Skeptic said:
(sigh)
This is one of the "factoids" that are often presented in favor of a "huge" difference between blacks and whites in IQ, but it shows more of the ignorance of those who promote it.
When a statistician says that a certain difference is "large" as opposed to "small", he means something like "a difference this size between populations is easily detected even with a relatively small sample from the two populations." It does NOT mean that the effect is absolutely "large" in terms of actual units (as opposed to SDs), let alone that whatever difference exists is of any practical importance.
For instance, suppose that every single white person had an IQ of exactly 100, and every single black person had an IQ of exactly 99. Mathematically speaking, the difference between the two is not 1, or 10, but literally an infinite number of standard deviations (since the SD of both populations is exactly 0). This is, indeed, a "huge" difference for a statistician, in the sense that there is an absolute, 1:1, correlation between race and IQ in this case: one's race totally determines what one's IQ is. So? It would still be still a tiny difference both absolutely (one IQ point) and practically (in terms of differences in "real life" performance).
The one SD difference in IQ, even if real--which is doubtful--might be "huge" in Cohen's statistical sense and still "tiny" or "insignificant" in any practical sense, in the same way that an EXTRA LARGE coke bottle can fit in a SMALL refrigirator. (mis)quoting Cohen in this way is merely using words from one context in another context, with the clear intent of making the IQ difference between blacks and white look as "important" as possible. [/B]
Skeptic.
I believe cohen's intent in suggesting those guidelines was to do precisely what you claim is ignorant-- to have some guideline for determining when an effect size has practical value / is large in the "sense" I've been talking about.
In fact, the effect size removes one big problem with p values-- they correlate with sample size. So, like your example above, you could have "highly significant" results, but the effect size is so small the results have NO practical value.
See cohen's example on the "significant" relationship between height and IQ in kids. This correlation really exists! But it has no practical value-- raising a kid's iq 30 points would require we increase his/her height by something like 12 feet!
Here are the facts (I'll back them with cites if you require) you tell me whether the black / white mean IQ difference has any practical significance:
1) Replicated since WW I, in literally 100's (if not 1000s) of studies, the black mean is around 85, the white mean is 100.
2) Since the standard deviation of an IQ test is 15, the effect size (d) is 1.0
Based on the effect size of 1.0, we know:
3) About 84% of blacks score below the white mean (100) on an IQ test. Only about 2% of blacks score 115 or higher on an IQ test.
4) Given the above effect size, pick any important variable that correlates with IQ. E.g., suppose we pick job performance, which correlates .5 with IQ.
Suppose we set the cutoff score for selection at 115, one standard deviation above the IQ grand mean.
We'd hire about 16% of the white applicants, but only about 2% of the black applicants. Extreme adverse impact.
Would it be legal? Yes, because the test is a valid predictor of job performance for both whites and blacks.
So, here you have a situation where the effect you imply is tiny (and that I am ignorant for suggesting otherwise) results in a bias such that 8 times as many whites (proportionally) are hired over blacks.
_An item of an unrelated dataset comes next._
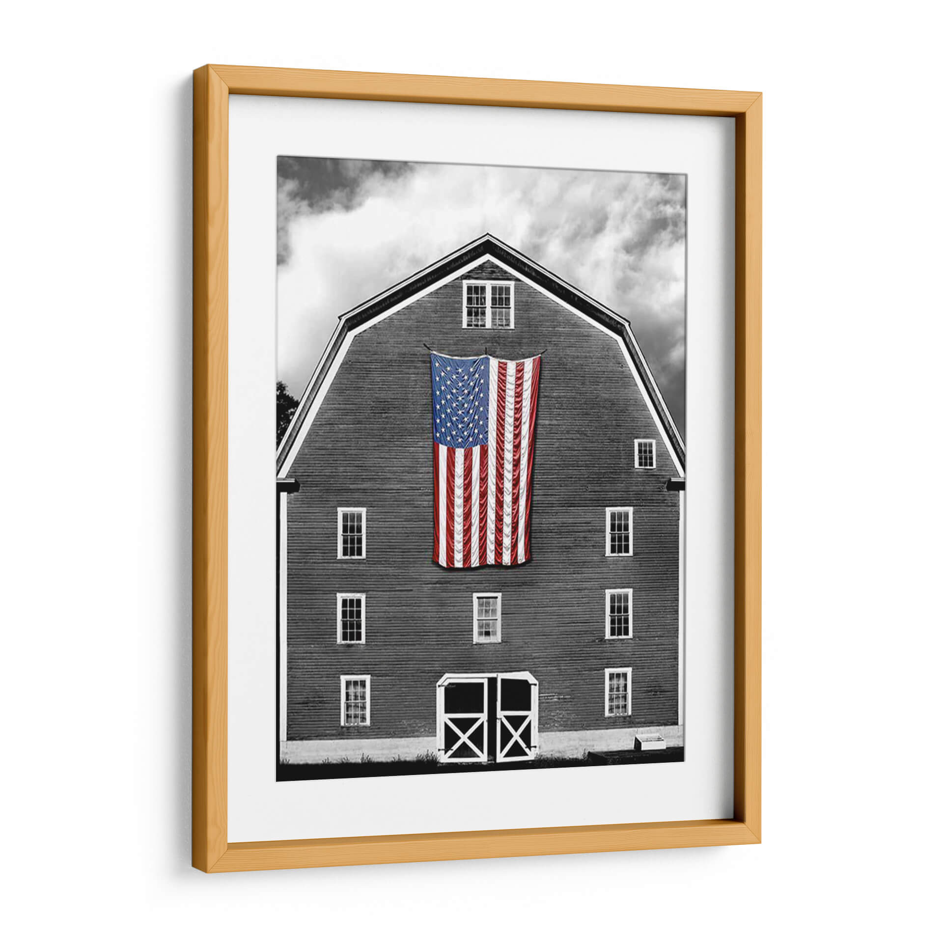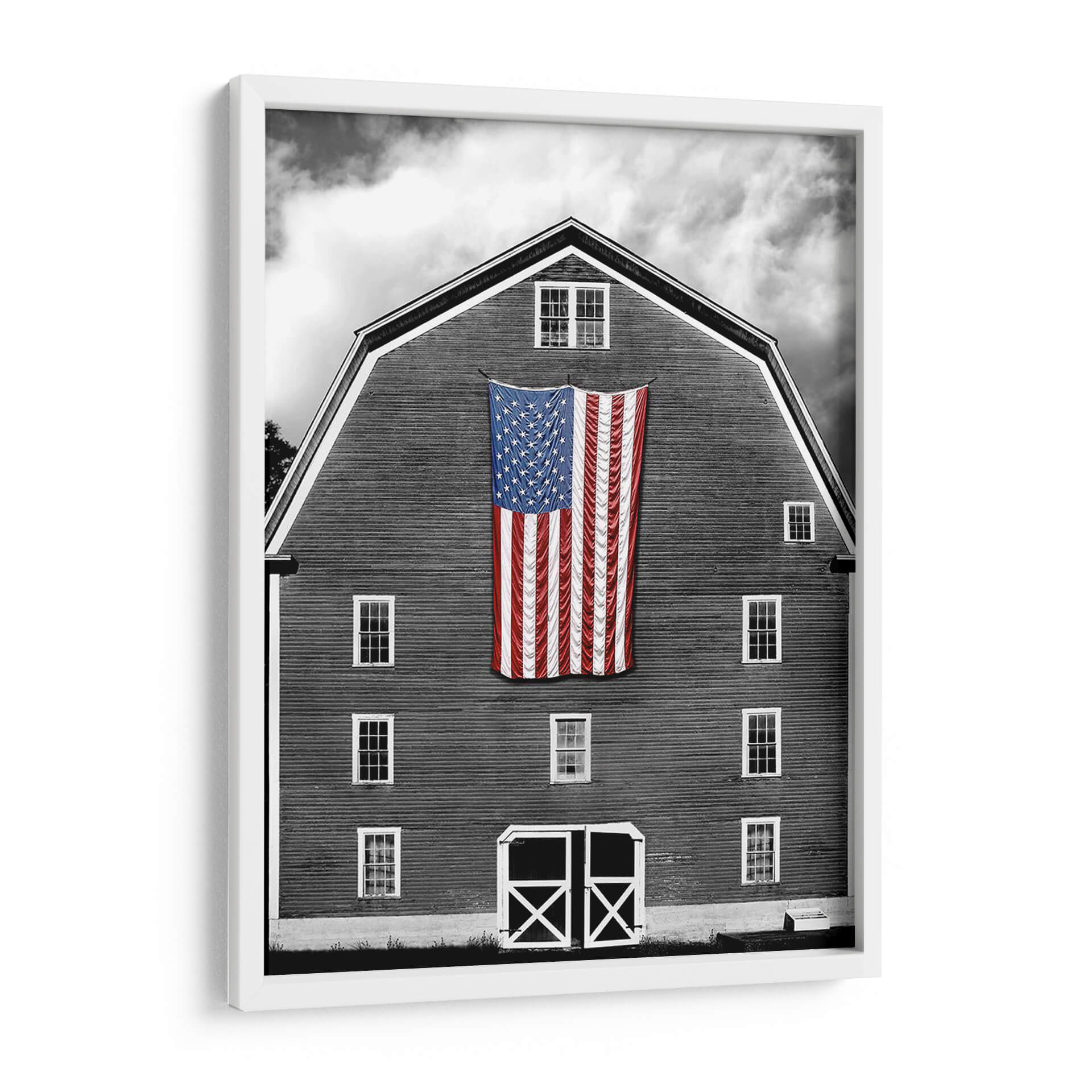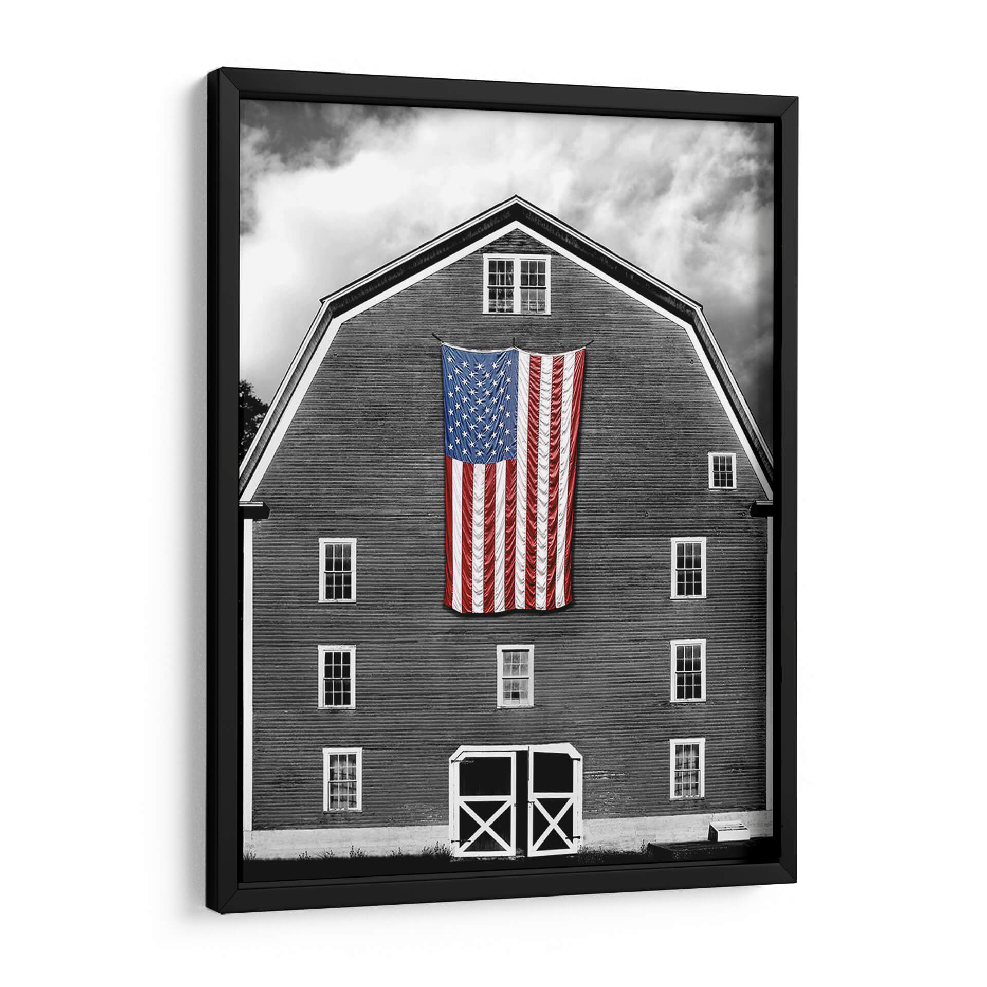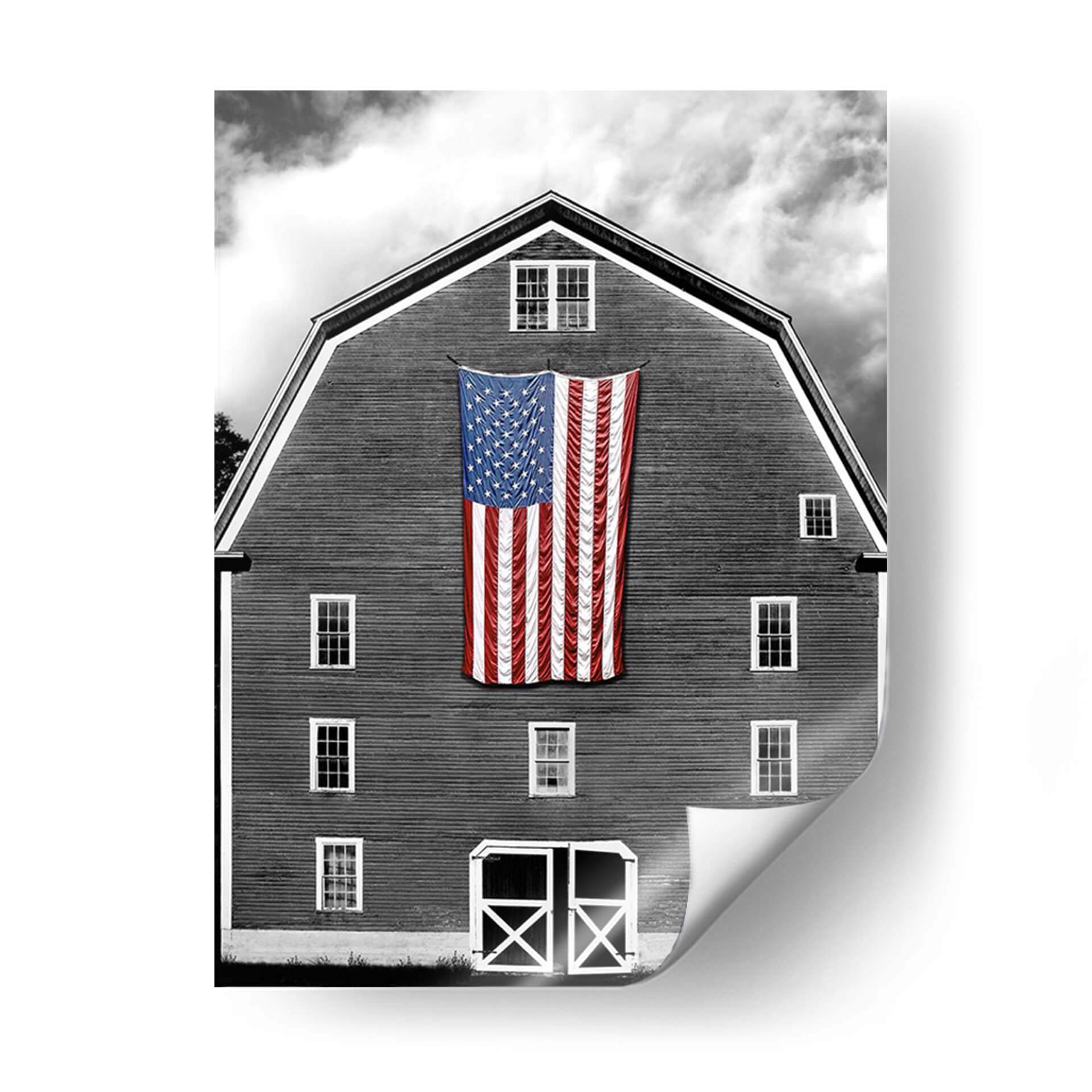 Captura la esencia del patriotismo y la nostalgia rural con este impactante cuadro decorativo "Banderas De Nuestros Agricultores Xix" de James McLoughlin. La obra presenta una icónica bandera estadounidense colgada de forma prominente sobre la fachada de un granero de madera, fotografiado en un evocador blanco y negro que resalta las texturas y las formas. El contraste entre la vibrante bandera, con sus estrellas y franjas rojas y azules, y el fondo sobrio del granero y el cielo nublado, crea una composición visualmente poderosa y llena de significado. McLoughlin logra una atmósfera que combina la fuerza del símbolo nacional con la serenidad del campo, invitando a la reflexión sobre la historia y las raíces. Este cuadro decorativo es ideal para espacios que buscan un toque de carácter, historia y orgullo, como salas de estar, estudios o incluso oficinas. Su estilo fotográfico, con un enfoque en la luz y la sombra, añade profundidad y dramatismo. Una pieza que no solo decora, sino que también cuenta una historia y evoca emociones. Añade un elemento de identidad y tradición a tu decoración con esta obra única.

Yeah, this is a trivial effect.
Now, substitute job performance for graduate GPA (another correlation around .5). So, why is it we need affirmative action for minorities if we want them fairly represented in higher education?
Then substitute job performance for income (a smaller correlation of .30). 10% of the variance in how much money you make is determined by your IQ. Factor in the race difference and tell me an effect size of 1.0 is trivial.